**EXERCISE DIRECTIONS:** An image-free, verbatim transcription of the records is the expected result.

**RECORDS:**

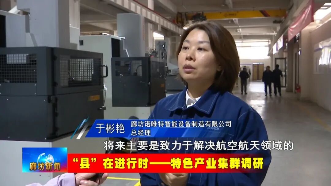 廊坊诺唯特智能设备制造有限公司总经理于彬艳:将来主要是致力于解决航空航天领域的一个特殊结构加工的瓶颈,我们会专注于提供自动化线这样一个整体的定制化解决方案。
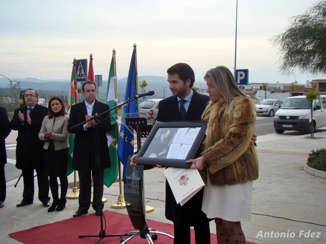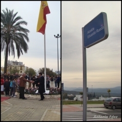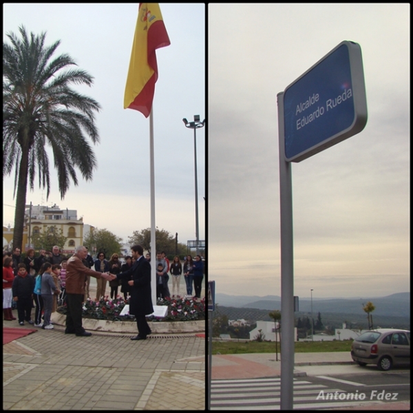 Por último, toda la comitiva se dirigía hacia una de las calles de la nueva urbanización PAU-R2, en la Cuesta de los Barreros donde se descubría la rotulación de una calle bajo el nombre "Alcalde Eduardo Rueda", que fuera Alcalde de esta localidad en la época de la transición además de Director de "las Escuelas", impulsor de CIATE, Hermano Mayor de la Hermandad del Cristo del Socorro (Silencio) y Presidente de la Agrupación de Cofradías de Cabra.
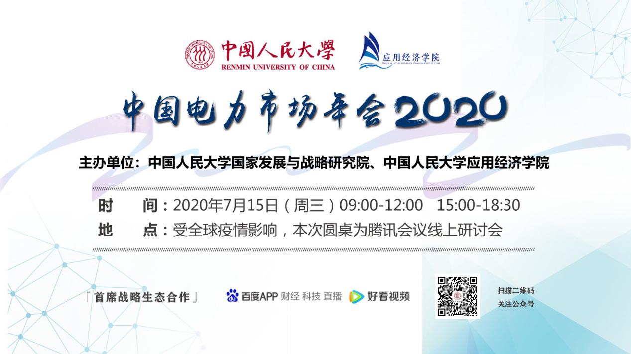 7月15日,由yl23455永利集团国家发展与战略研究院和yl23455永利联合主办的中国电力市场年会2020以视频会议、线上直播的形式成功举办。本次年会分为上下午两场研讨会,围绕电力市场改革进行讨论,本次年会累计吸引412393人次观看。
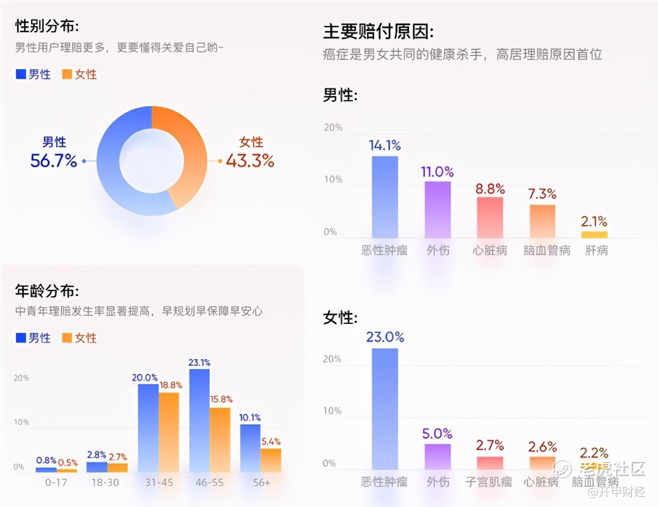 水滴保理赔服务半年报中显示,水滴男性用户理赔概率占比为56.7%,高于女性。年龄在31-55岁的中青年理赔发生概率显著提高,这部分群体占理赔用户总量的77.7%。男性理赔用户高发疾病Top5分别为恶性肿瘤、外伤、心脏病、脑血管病、肝病,女性理赔用户高发疾病Top5为恶性肿瘤、外伤、子宫肌瘤、心脏病、脑血管病。
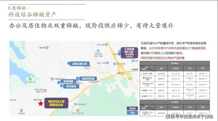 【国家高新区】:石岩南片区已被国家纳入高新区拓展区域,以智能研发为支柱产业,片区近 360 万 ㎡ 产业空间,将新增 400 亿的产出
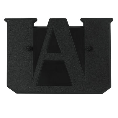 Die Figur steht auf einer stabilen, schwarzen Plattform, die das Logo der U.A. Oberschule zeigt, an der All Might unterrichtet.
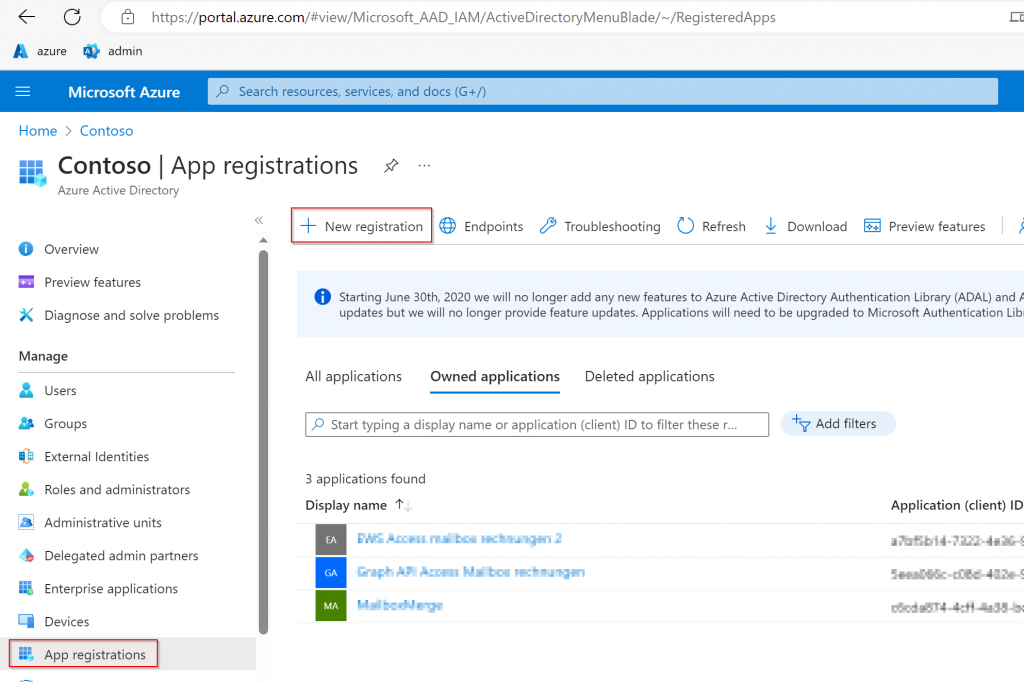 We are creating the Azure AD App Registration for accessing the shared mailbox using the Azure Portal (because for me it is easier that way). Link to App Registration in Azure
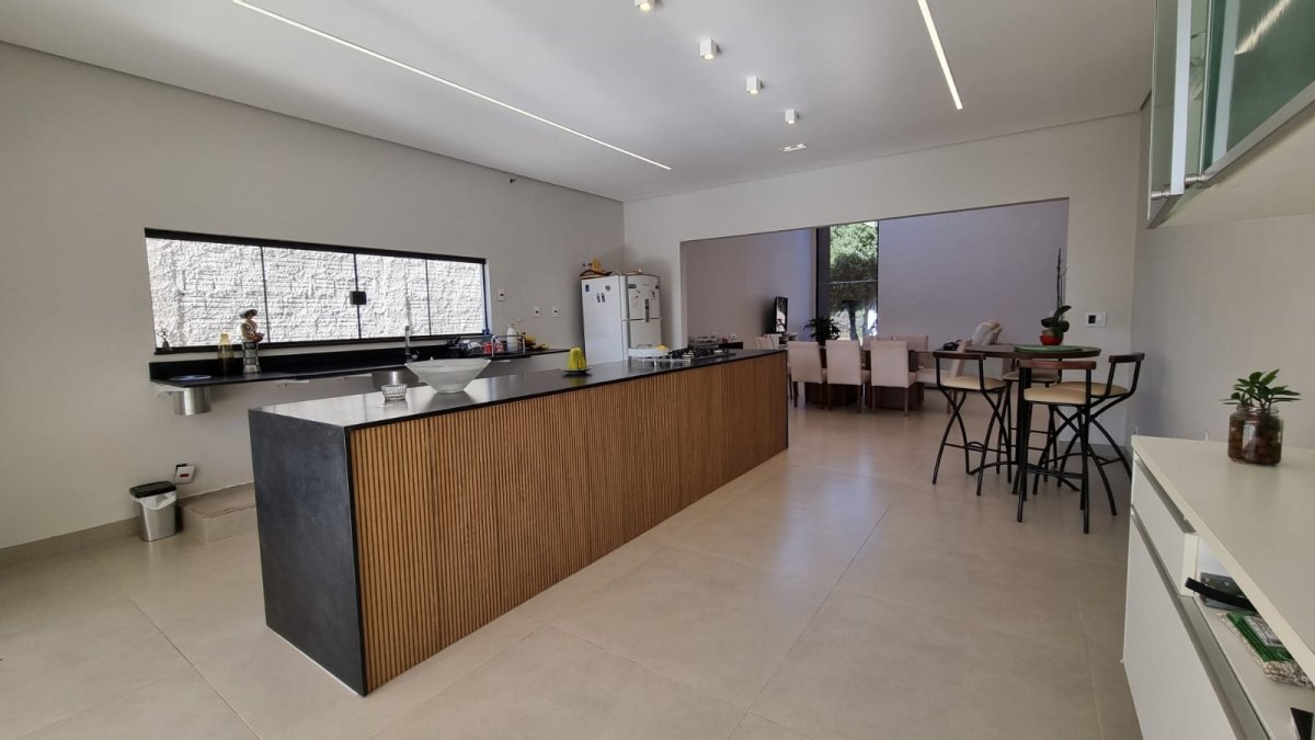 Cozinha integrada com ilha central de 4,80 m equipada com cooktop ideal para receber amigos e familiares
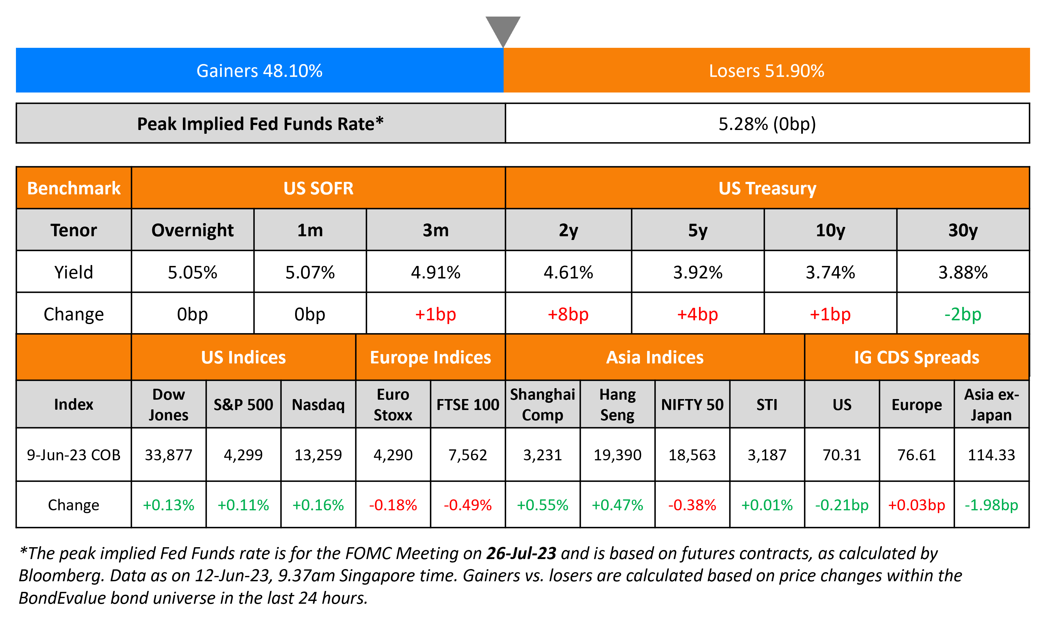 US Treasury yields moved higher on Friday led by the 2Y that rose 8bp. Expectations continue for a status quo at the 13-14 June FOMC meeting while markets are pricing-in a 53% probability of a 25-50bp rate hike in the July meeting. The peak Fed Funds Rate was unchanged at 5.28% for July. All eyes focus on the US CPI data due this week – expectations are for a 4.1% print in the headline CPI and 5.2% in the Core CPI for May. This compares to 4.9% and 5.5% in the April data. Equity indices ended higher on Friday with the S&P and Nasdaq up by 0.1-0.2%. US IG and HY CDS spreads tightened 0.2bp and 0.7bp respectively.
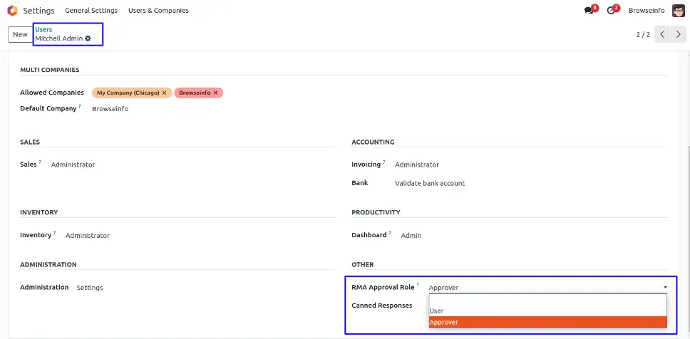 Under user configuration set RMA approval role as 'User' and 'Approver'.
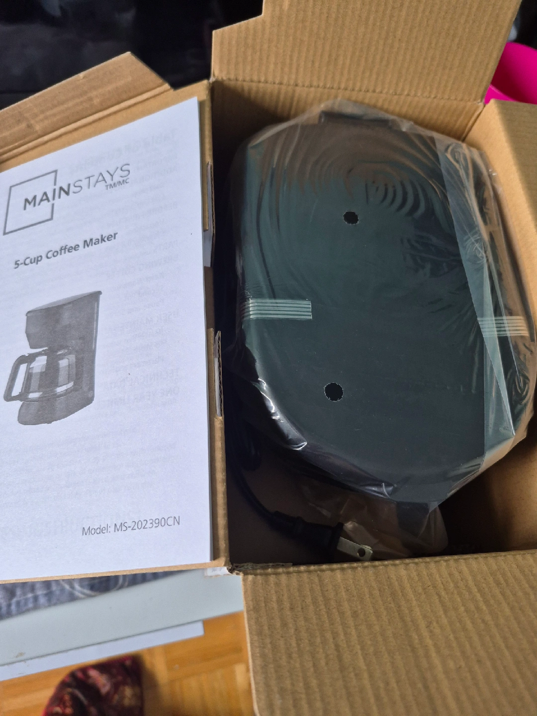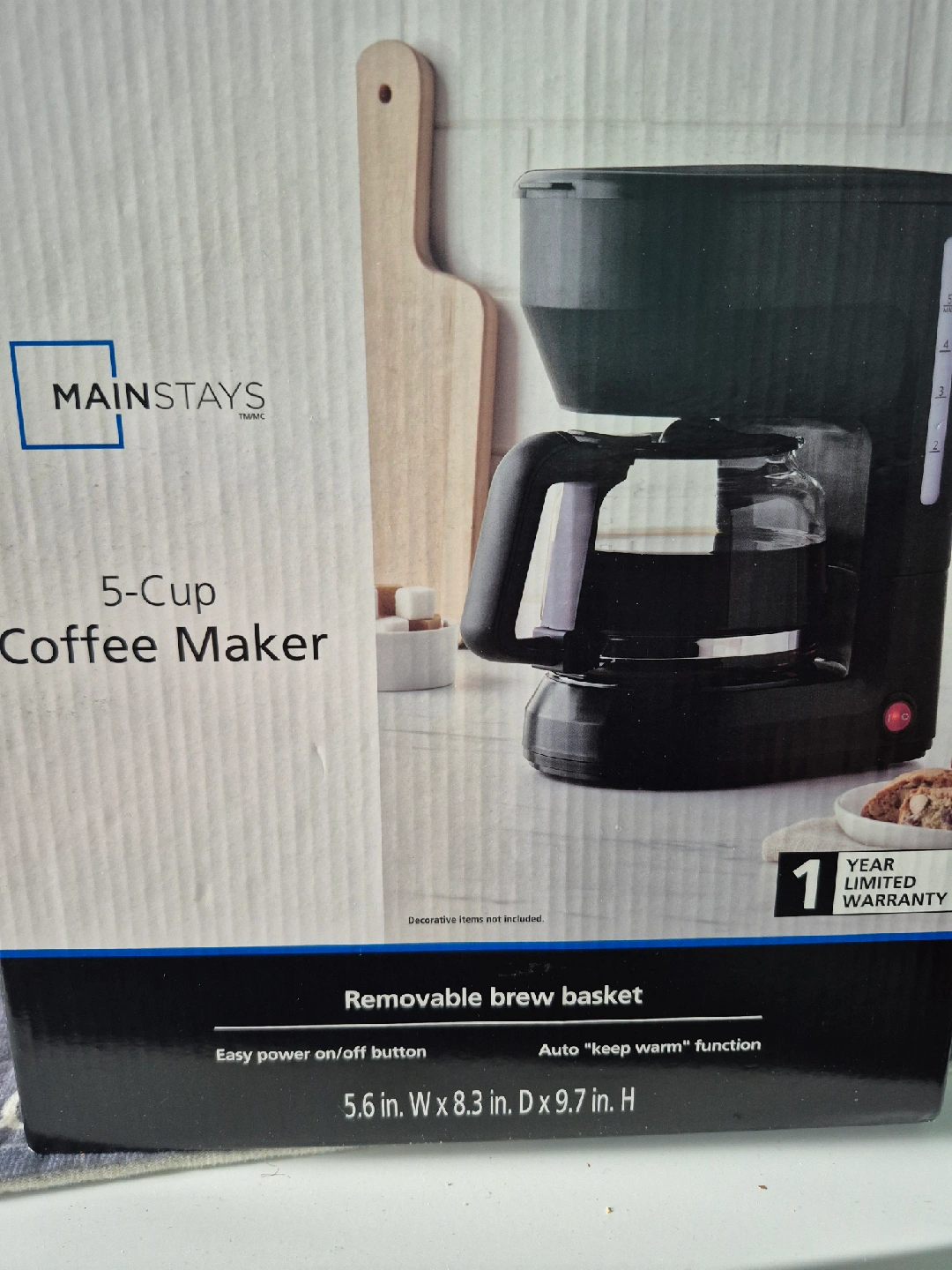 Selling a brand new Mainstays 5-Cup Coffee Maker still in its original box! It features a removable brew basket and easy power on/off button. It also has an auto 'keep warm' function. Dimensions are 5.6 in. W x 8.3 in. D x 9.7 in. H. Great for small spaces or anyone who enjoys a fresh cup of coffee!
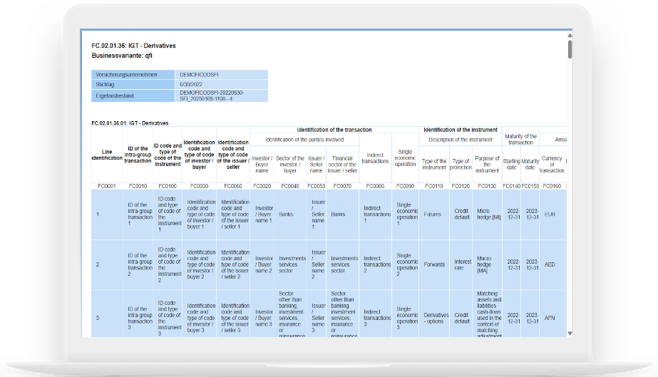 Data is provided via a user-friendly interface in the form of reporting templates, which are also used to display data within the software. The XBRL format for reporting is automatically generated, and an XBRL validation process is carried out with clear error reporting and additional correction options based on the EIOPA taxonomy. As part of an approval process, both individual reports and the entire submission undergo a four-eyes principle review before the final reporting file is downloaded in XBRL format and submitted to the supervisory authority.
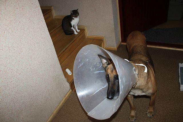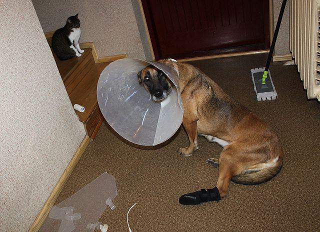 Ona była zdezorientowana i trochę wystraszona, bo z wieczornego spaceru wprowadziliśmy ją do domu, żeby wszystko ogarnąć i chciałam Wam zrobić fotki tego kołnierza... Udręczona nie jest, tylko jej kazałam chwilę się nie ruszać, żeby zrobić fotkę z kotem:) Wstawiam fotkę z chwili później:) Kołnierz jest akurat: 30 cm, sięga w nim do misek (wody i jedzenia) - próbowaliśmy na początku mniejszego 25 cm, to niestety sięgała w nim do buta... czasem się zastanawiam czy i w tym większym nie sięga... Dla żadnego psa kołnierz nie jest fajny i dla nas to też kłopotliwe, ale ja nie mam innego pomysłu jak ochraniać jej łapkę przed obcieraniem. Taki system ustaliliśmy z wetem (duży kołnierz + but). Na początku myślałam o specjalnym bandażu nasączonym preparatem, który zniechęca do lizania/zdzierania, ale wet odradził. Dzisiaj rano znów wszystko było zdjęte... ale kołnierz jeszcze cały, tylko dwa zaczepy zjedzone... but zdjęty, ale cały. Łapka nie była w ogóle zdarta, więc albo sunia zdjęła oprzyrządowanie nad ranem tuż przed tym jak do niej przyszłam, albo... mniej obciera łapkę? więcej jej używa? Wczoraj wieczorem też stan łapki mnie pozytywnie zaskoczył, że nie było świeżego krwawienia. -
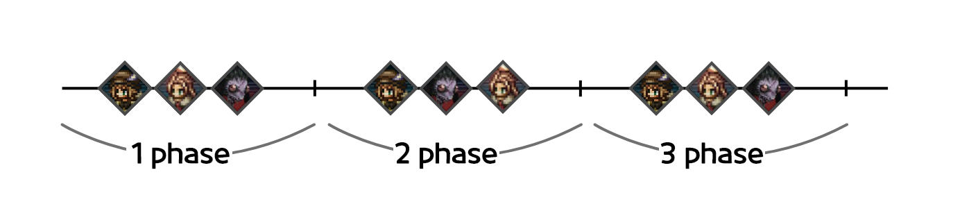 따라서 다음과 같은 행동순서일 때, 한이트가 1페이즈에 점착사를 사용하면, 1페이즈에서는 이미 적의 행동순서가 마지막에 위치해 있으므로 그대로 넘어가고, 2페이즈만 점착사 효과에 따라 행동순서 마지막으로 이동하게 된다.

**WRITTEN RESPONSE:**
 廊坊诺唯特智能设备制造有限公司总经理于彬艳:将来主要是致力于解决航空航天领域的一个特殊结构加工的瓶颈,我们会专注于提供自动化线这样一个整体的定制化解决方案。
 Por último, toda la comitiva se dirigía hacia una de las calles de la nueva urbanización PAU-R2, en la Cuesta de los Barreros donde se descubría la rotulación de una calle bajo el nombre "Alcalde Eduardo Rueda", que fuera Alcalde de esta localidad en la época de la transición además de Director de "las Escuelas", impulsor de CIATE, Hermano Mayor de la Hermandad del Cristo del Socorro (Silencio) y Presidente de la Agrupación de Cofradías de Cabra.
 7月15日,由yl23455永利集团国家发展与战略研究院和yl23455永利联合主办的中国电力市场年会2020以视频会议、线上直播的形式成功举办。本次年会分为上下午两场研讨会,围绕电力市场改革进行讨论,本次年会累计吸引412393人次观看。
 水滴保理赔服务半年报中显示,水滴男性用户理赔概率占比为56.7%,高于女性。年龄在31-55岁的中青年理赔发生概率显著提高,这部分群体占理赔用户总量的77.7%。男性理赔用户高发疾病Top5分别为恶性肿瘤、外伤、心脏病、脑血管病、肝病,女性理赔用户高发疾病Top5为恶性肿瘤、外伤、子宫肌瘤、心脏病、脑血管病。
 【国家高新区】:石岩南片区已被国家纳入高新区拓展区域,以智能研发为支柱产业,片区近 360 万 ㎡ 产业空间,将新增 400 亿的产出
 Die Figur steht auf einer stabilen, schwarzen Plattform, die das Logo der U.A. Oberschule zeigt, an der All Might unterrichtet.
 We are creating the Azure AD App Registration for accessing the shared mailbox using the Azure Portal (because for me it is easier that way). Link to App Registration in Azure
 Cozinha integrada com ilha central de 4,80 m equipada com cooktop ideal para receber amigos e familiares
 US Treasury yields moved higher on Friday led by the 2Y that rose 8bp. Expectations continue for a status quo at the 13-14 June FOMC meeting while markets are pricing-in a 53% probability of a 25-50bp rate hike in the July meeting. The peak Fed Funds Rate was unchanged at 5.28% for July. All eyes focus on the US CPI data due this week – expectations are for a 4.1% print in the headline CPI and 5.2% in the Core CPI for May. This compares to 4.9% and 5.5% in the April data. Equity indices ended higher on Friday with the S&P and Nasdaq up by 0.1-0.2%. US IG and HY CDS spreads tightened 0.2bp and 0.7bp respectively.
 Under user configuration set RMA approval role as 'User' and 'Approver'.
 Selling a brand new Mainstays 5-Cup Coffee Maker still in its original box! It features a removable brew basket and easy power on/off button. It also has an auto 'keep warm' function. Dimensions are 5.6 in. W x 8.3 in. D x 9.7 in. H. Great for small spaces or anyone who enjoys a fresh cup of coffee!
 Data is provided via a user-friendly interface in the form of reporting templates, which are also used to display data within the software. The XBRL format for reporting is automatically generated, and an XBRL validation process is carried out with clear error reporting and additional correction options based on the EIOPA taxonomy. As part of an approval process, both individual reports and the entire submission undergo a four-eyes principle review before the final reporting file is downloaded in XBRL format and submitted to the supervisory authority.
 Ona była zdezorientowana i trochę wystraszona, bo z wieczornego spaceru wprowadziliśmy ją do domu, żeby wszystko ogarnąć i chciałam Wam zrobić fotki tego kołnierza... Udręczona nie jest, tylko jej kazałam chwilę się nie ruszać, żeby zrobić fotkę z kotem:) Wstawiam fotkę z chwili później:) Kołnierz jest akurat: 30 cm, sięga w nim do misek (wody i jedzenia) - próbowaliśmy na początku mniejszego 25 cm, to niestety sięgała w nim do buta... czasem się zastanawiam czy i w tym większym nie sięga... Dla żadnego psa kołnierz nie jest fajny i dla nas to też kłopotliwe, ale ja nie mam innego pomysłu jak ochraniać jej łapkę przed obcieraniem. Taki system ustaliliśmy z wetem (duży kołnierz + but). Na początku myślałam o specjalnym bandażu nasączonym preparatem, który zniechęca do lizania/zdzierania, ale wet odradził. Dzisiaj rano znów wszystko było zdjęte... ale kołnierz jeszcze cały, tylko dwa zaczepy zjedzone... but zdjęty, ale cały. Łapka nie była w ogóle zdarta, więc albo sunia zdjęła oprzyrządowanie nad ranem tuż przed tym jak do niej przyszłam, albo... mniej obciera łapkę? więcej jej używa? Wczoraj wieczorem też stan łapki mnie pozytywnie zaskoczył, że nie było świeżego krwawienia. -
 따라서 다음과 같은 행동순서일 때, 한이트가 1페이즈에 점착사를 사용하면, 1페이즈에서는 이미 적의 행동순서가 마지막에 위치해 있으므로 그대로 넘어가고, 2페이즈만 점착사 효과에 따라 행동순서 마지막으로 이동하게 된다.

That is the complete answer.